Additionally, your mental wellness plays a role in your holistic and skin health, too. College can be a really stressful experience. While stress isn’t a direct cause of conditions like acne, it can trigger the production of hormones like cortisol. In turn, these hormones can overstimulate oil glands, leading to clogged pores and skin conditions. Therefore, it’s wise — on a number of levels — to adopt stress management practices into your daily routine. This may involve meditation and mindfulness, regular exercise, and even just talking to your friends when things get a little too difficult.

Collaborate with a Dermatologist

Daily hydration routines and holistic wellness are good foundations for clear skin. But in some circumstances, professional medical guidance may be an effective tool for creating a plan to address the underlying causes of skin complaints.

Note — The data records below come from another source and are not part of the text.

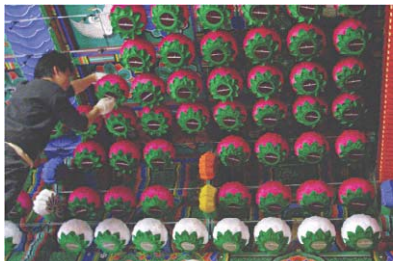
연등 설치 작업
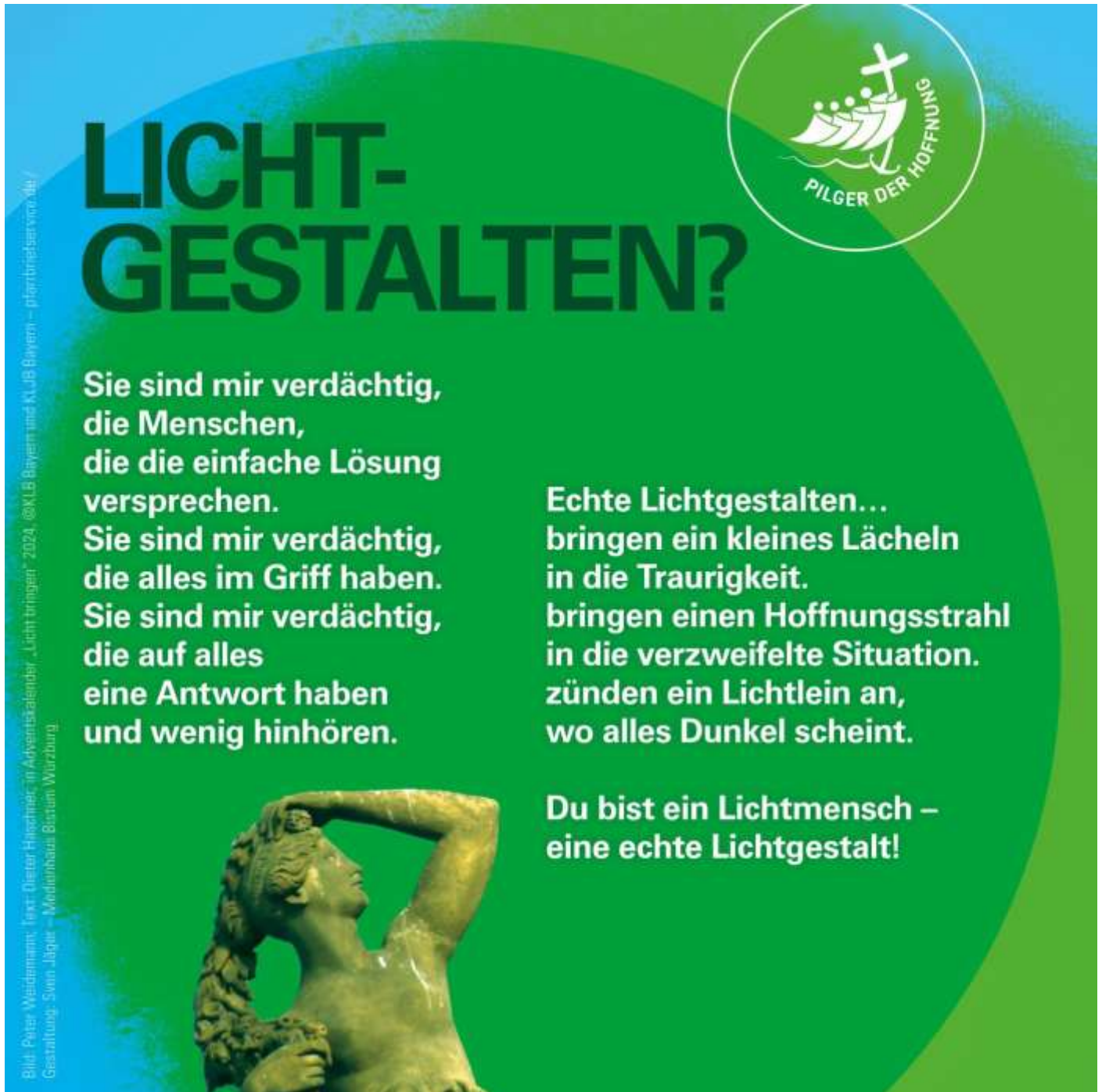
Text: Dieter Haschner, in Adventskalender „Licht bringen“ 2024, @KLB Bayern und KLJB Bayern, Layout: Sven Jäger - Medienhaus Bistum Würzburg
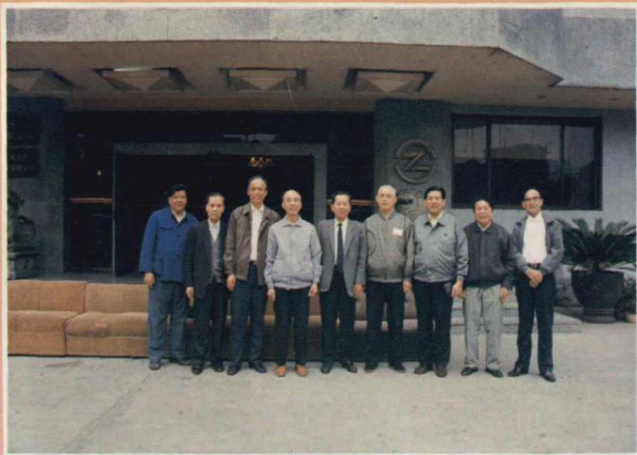
商业部和省、市领导视察我局后合影
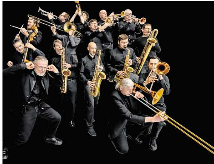
Mit JAZZORGAN können die Besucher in die goldene Ära der Big Bands eintauchen, in pures Entertainment und in den Flair mitreißender Ballroom Dance Music
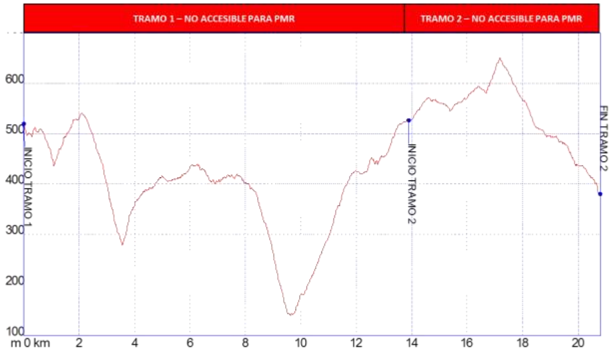
Gráfica 1: Identificación tramos etapa28, nivel de accesibilidad.

➤ PERFIL ETAPA 28: Perfil de altitud e identificación por tramos.
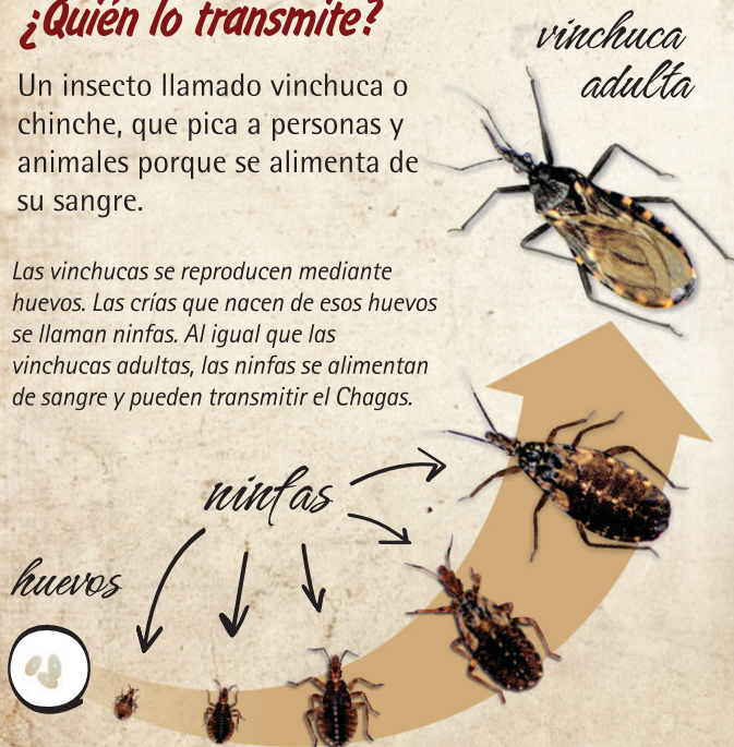
Ciclo de vida de las vinchucas

Las vinchucas se reproducen mediante huevos. Las crías que nacen de esos huevos se llaman ninfas. Al igual que las vinchucas adultas, las ninfas se alimentan de sangre y pueden transmitir el Chagas.
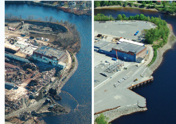
Demolición del sitio y urbanización del sitio.

Una entidad que reúna las condiciones puede solicitar hasta $200,000 USD para desarrollar un plan en todo el área y planificar estrategias de implementación que faciliten la evaluación de antiguas instalaciones industriales, la limpieza, la reutilización del sitio y el fomento de la revitalización de toda el área.
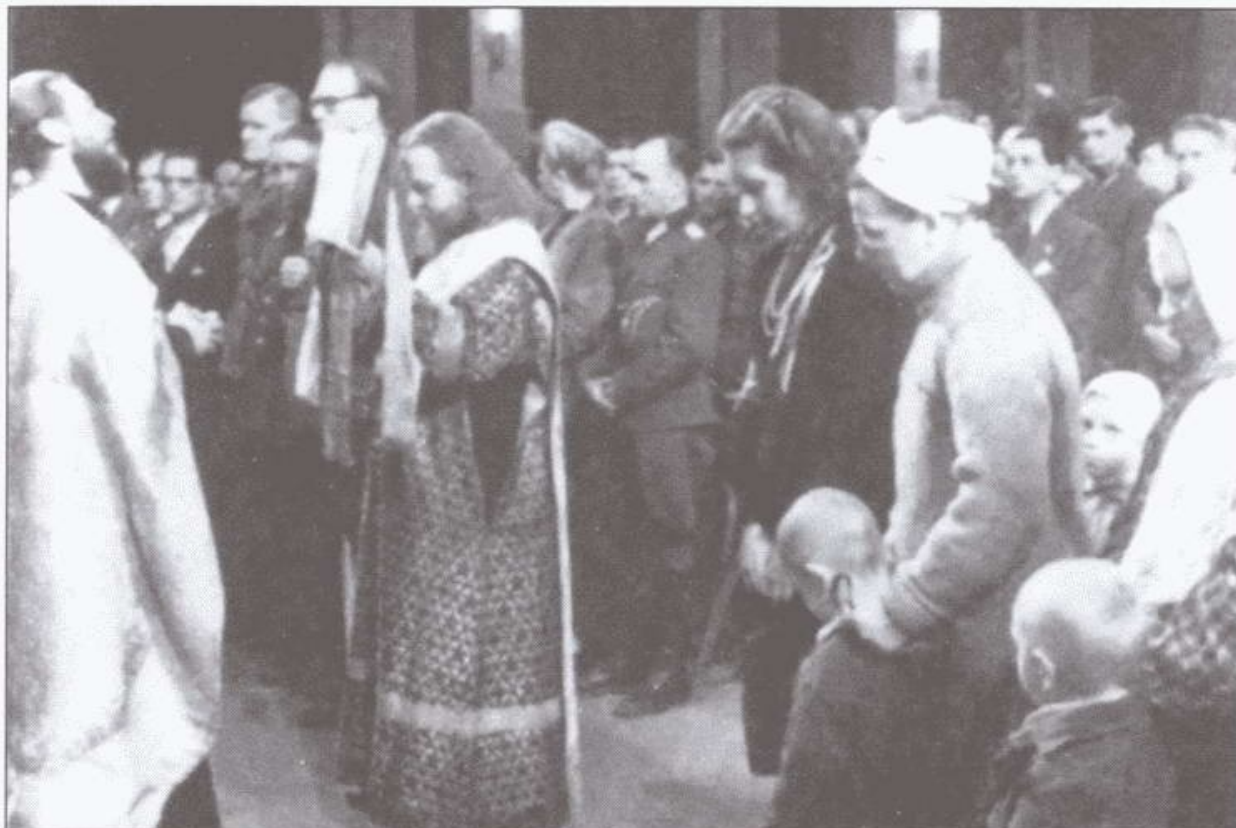
Генерал Власов присутствует на молебне
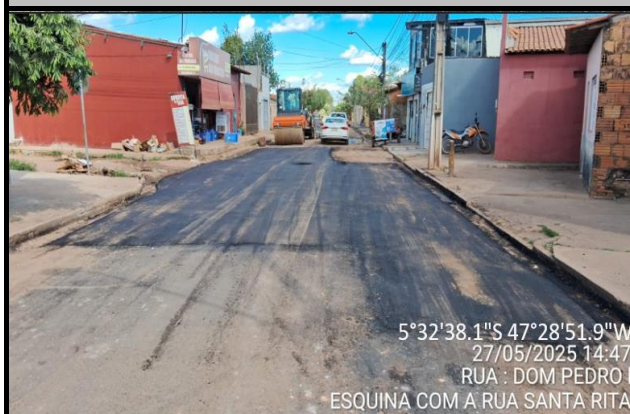
Rua Dom Pedro I
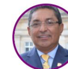
Rep. Modesto Aguilera Cambio Radical Atlántico
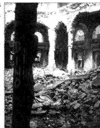
Vestíbulo de Vijećnica

El edificio conservaba, en 1992, cerca de 1.500.000 volúmenes de literatura general y científica, referencia y un número importante de manuscritos, colecciones de publicaciones periódicas y documentos de archivo de incalculable valor para el estudio de la
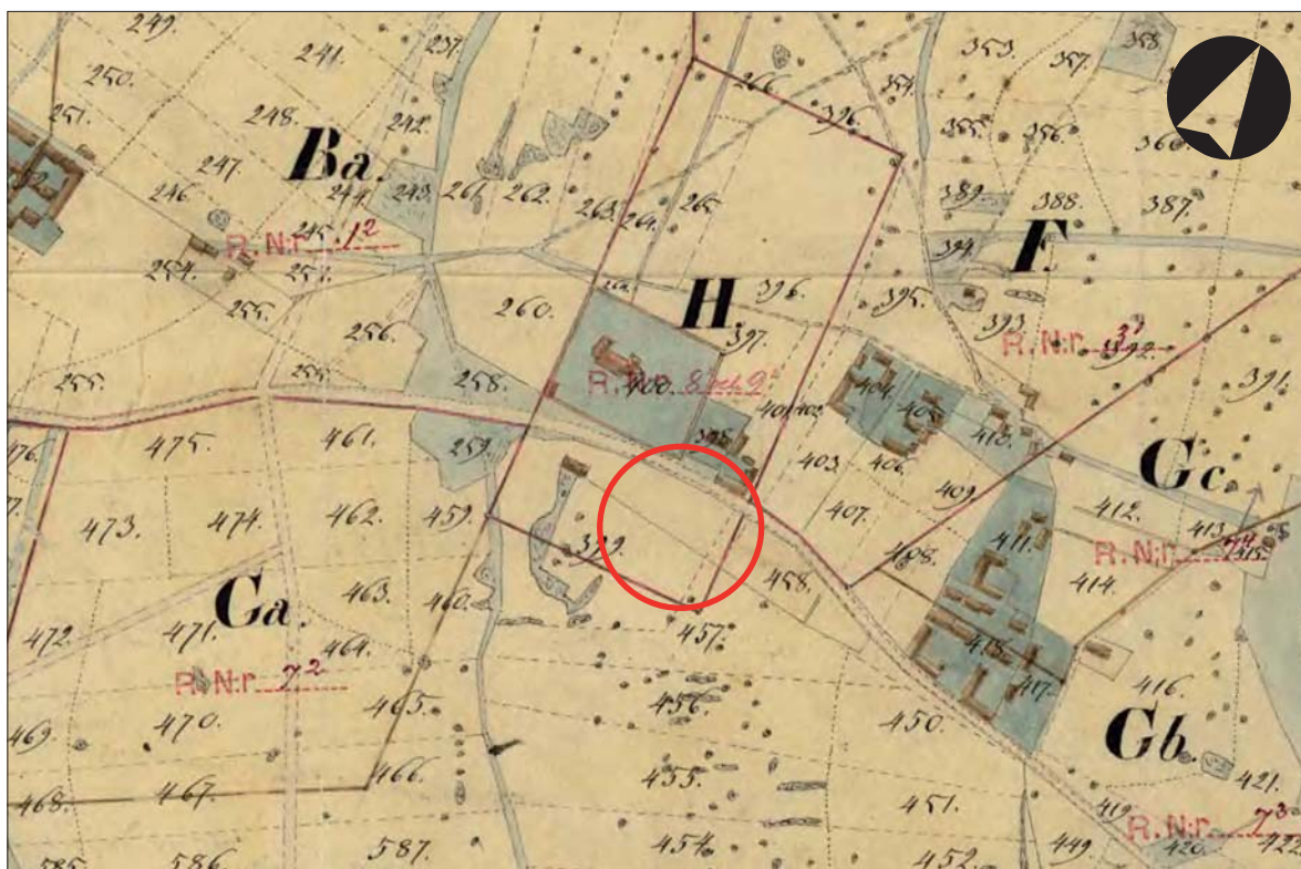
Figur 3. Laga Skifteskarta över Hagebyhöga från år 1845. På denna karta finns ännu ingen bebyggelse söder om vägen eftersom folkskolan byggdes först under 1800-talets senare hälft. Undersökningsområdet är markerat med rött.

På norra och västra sidan om kyrkogården breder idag åkermarken ut sig. Söder om kyrkan ligger folkskolan, småskolan och lärarbostaden, vilka alla är från 1800-talets senare del. Sydväst om kyrkan ligger också en handelsträdgård med växthus, faluröda bostadshus och ekonomibyggnader. Dessa byggnader ligger på den plats där kungsgården kan ha legat. Här kan även den medeltida kyrkbyn ha legat, men platsen kan ha varit bebodd redan under förhistorisk tid, så som lämningarna i det omgivande kulturlandskapet indikerar. Spår av äldre bebyggelse kan därför förekomma inom exploateringsområdet i form av exempelvis stolphål och härdar. Även förhistoriska och/eller medeltida kulturlager kan förekomma inom området i anslutning till den äldre bebyggelsen.
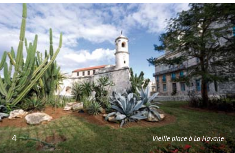
Vieille place à La Havane

Petit déjeuner. Vous commencerez votre journée par une promenade dans le jardin botanique de la ville, abritant de nombreuses essences tropicales, et notamment des palmiers. Départ pour la ville de Trinidad, petite ville de 50 000 habitants, qui a gardé ses rues pavées, ses toits de tuiles et ses grandes fenêtres protégées par de très belles grilles. Parcs et belles demeures se succèdent au centre de la cité endormie sous le soleil généreux du centre de Cuba... En raison de ses trésors culturels, l'Unesco a inscrit Trinidad au registre des grands héritages du monde
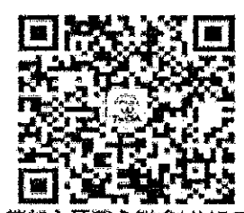
請加入牙醫全聯會LINE@
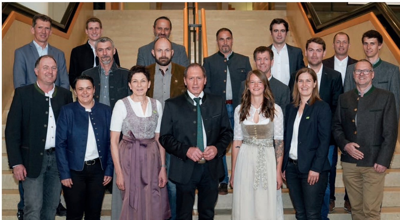
Die neugebildete Vollversammlung der LK Vorarlberg mit den Funktionären beider Sektionen nach der Angelobung.
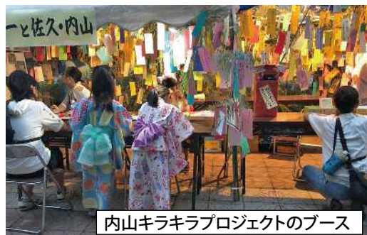
内山キラキラプロジェクトのブース
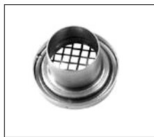
Figura 3. Cassette de acero inoxidable

Todas las modalidades de cassette pueden incorporar un clip (ver Figura 4) que protege el conjunto de la unidad -cassette+filtro-, durante el transporte y almacenamiento, una vez extraída de la cabeza o cuerpo del IOM.
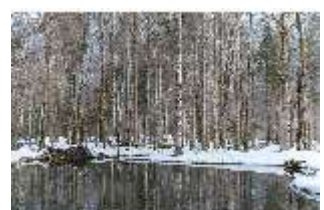
Lin.V, Schlosspark im Winter, DI025162, BSV-
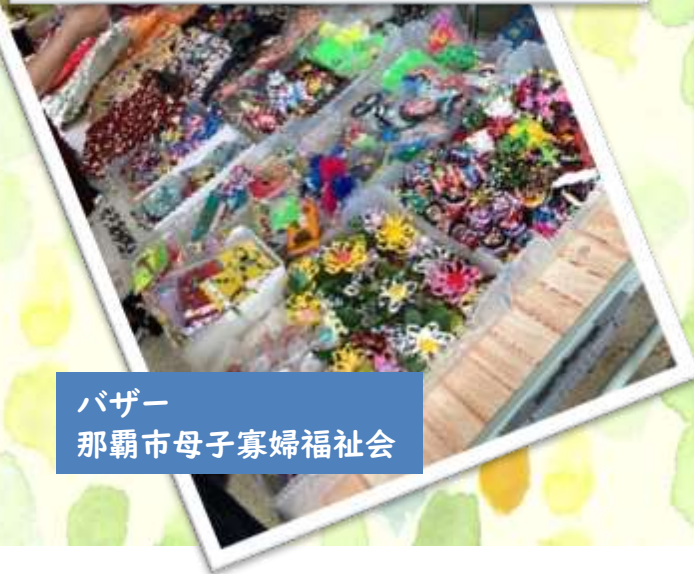
バザー 那覇市母子寡婦福祉会
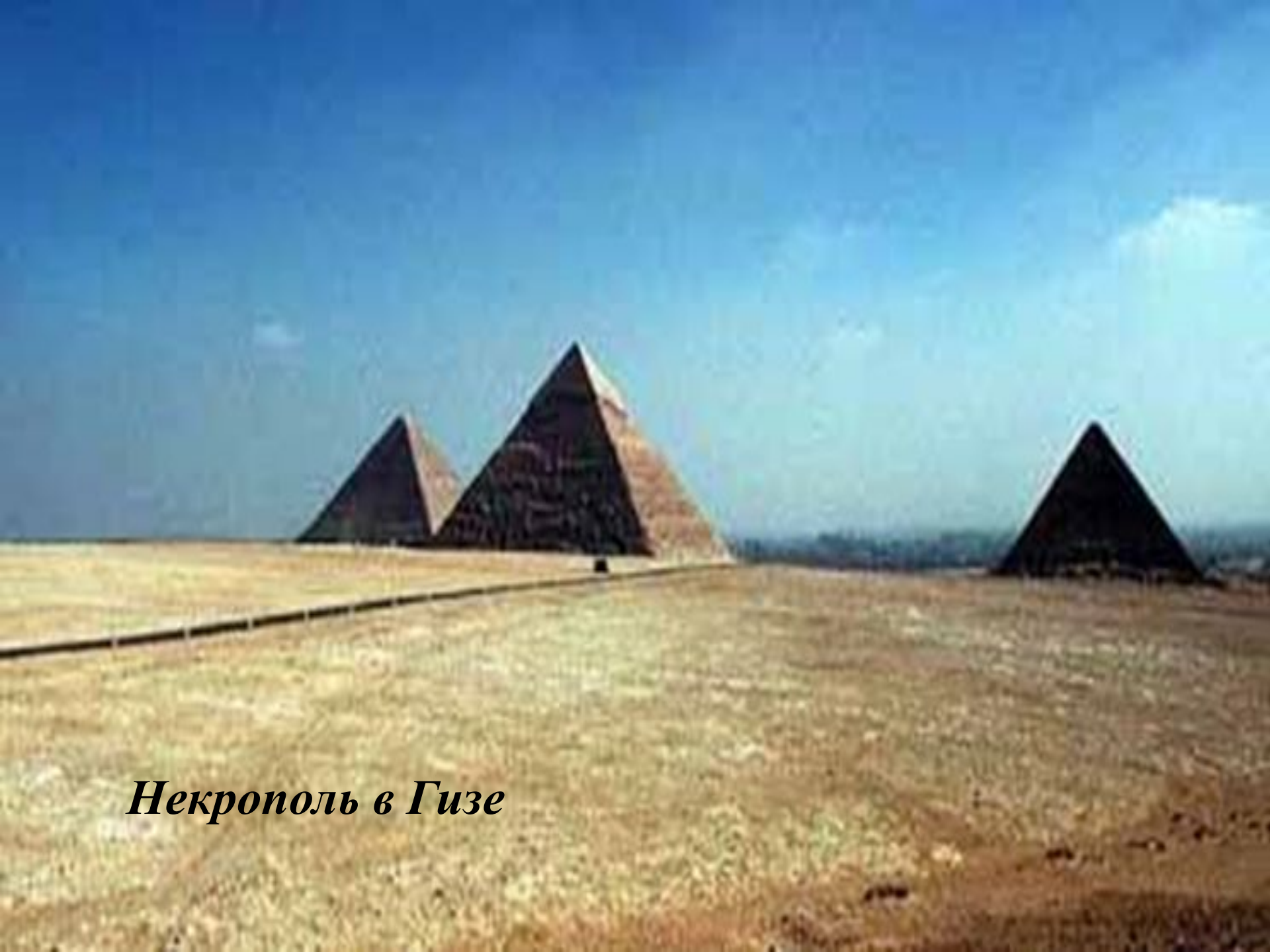
Некрополь в Гизе

So, how do you know when it’s time to consult a dermatologist for your acne? Signs of a severe issue — such as having numerous papules and pustules or they’re in unusual places, like armpits — may warrant a visit. This is because such conditions can be difficult to treat with over-the-counter remedies. If your acne is painful or affecting your self-esteem, this can also be reason enough to seek professional guidance. 

Working with a dermatologist isn’t just positive because they can provide access to more robust medications or antibiotics. They also spend time exploring what could be the root causes of your skin condition. Importantly, they’ll collaborate with you on creating a treatment plan that’s tailored to your needs and specific skin type, empowering you to embark on your college experience with clearer skin and greater confidence.


Getting clearer skin takes some focus and discipline, but it’s certainly achievable. It involves committing to regular hydration, alongside taking a holistic approach to your wellness, among other actions. Remember, though, that the condition of your skin isn’t the be-all and end-all of your self-worth. You have many qualities and unique perspectives that contribute to what’s great about you. By cultivating these alongside taking care of your health, you can give yourself the confidence boost that may make your college experience more positive.